On this day in 1838, the French army captured Veracruz in the Pastry War.
During the early years of the new Mexican republic there was widespread civil disorder as factions competed for control of the country. The fighting often resulted in the destruction or looting of private property. Average citizens had few options for claiming compensation as they had no representatives to speak on their behalf. Foreigners whose property was damaged or destroyed by rioters or bandits were usually also unable to obtain compensation from the Mexican government and they began to appeal to their own governments for help and compensation.
In a complaint to King Louis-Philippe, a French pastry chef known only as Monsieur Remontel said that in 1832 Mexican officers looted his shop in Tacubaya (then a town on the outskirts of Mexico City). Mexican sources said that the officers, from Santa Anna’s government, simply refused to pay their bills. Remontel demanded 60,000 pesos as reparations for the damage (his shop was valued at less than 1,000 pesos).
In view of Remontel’s complaint (which gave its name to the ensuing conflict) and of other complaints from French nationals (among them the looting in 1828 of French shops at the Parian market and the execution in 1837 of a French citizen accused of piracy), in 1838 prime minister Louis-Mathieu Molé demanded from Mexico the payment of 600,000 pesos (3 million Francs) in damages.
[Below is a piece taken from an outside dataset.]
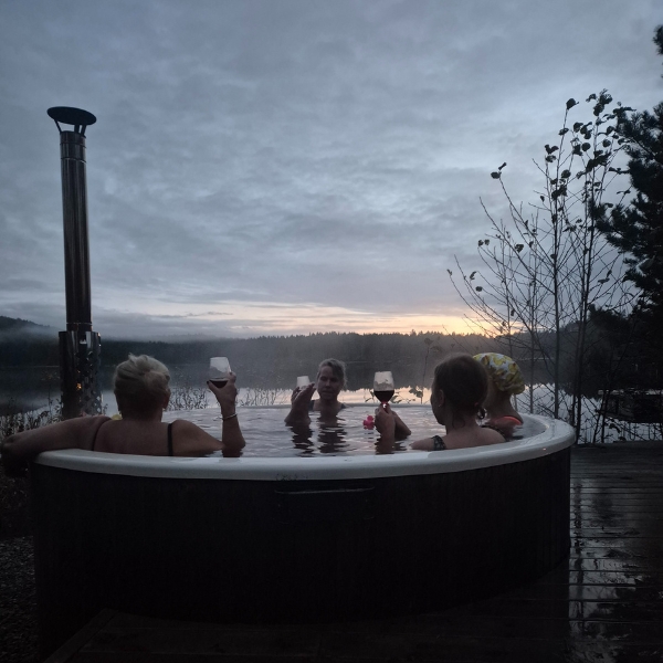 Badstuen blir varm på en time, mens det tar opptil 6 timer å varme opp badestampen – husk derfor å bestille det i god tid.
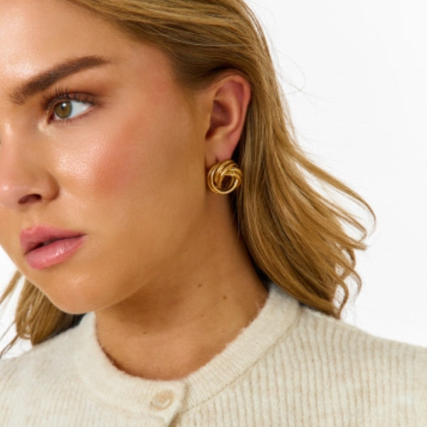 Womens gold earring styled in a timeless knot design for effortless sophistication.

When President Anastasio Bustamante made no payment, the French king ordered a fleet under Rear Admiral Charles Baudin to declare and carry out a blockade of all Mexican ports on the Gulf of Mexico from Yucatán to the Rio Grande, to bombard the Mexican fortress of San Juan de Ulúa, and to seize the city of Veracruz, which was the most important port on the Gulf coast. French forces captured Veracruz and Mexico declared war on France.
The French forces withdrew on 9 March 1839 after a peace treaty was signed. As part of the treaty, the Mexican government agreed to pay 600,000 pesos as damages to French citizens, while France received promises for future trade commitments in place of war indemnities. The damages were never paid, and this fact was later used as one of the justifications for the second French intervention in Mexico of 1861.

Épisode de l’expédition du Mexique en 1838 Scene from the Mexican Expedition in 1838, the Prince of Joinville on the poop of the corvette Créole listens to the report from the vessel’s Lieutenant, Penaud, and sees the explosion of the tower of the Fort of Saint-Jean d’Ulloa on 27 November 1838. The frigate Gloire can be seen in the background.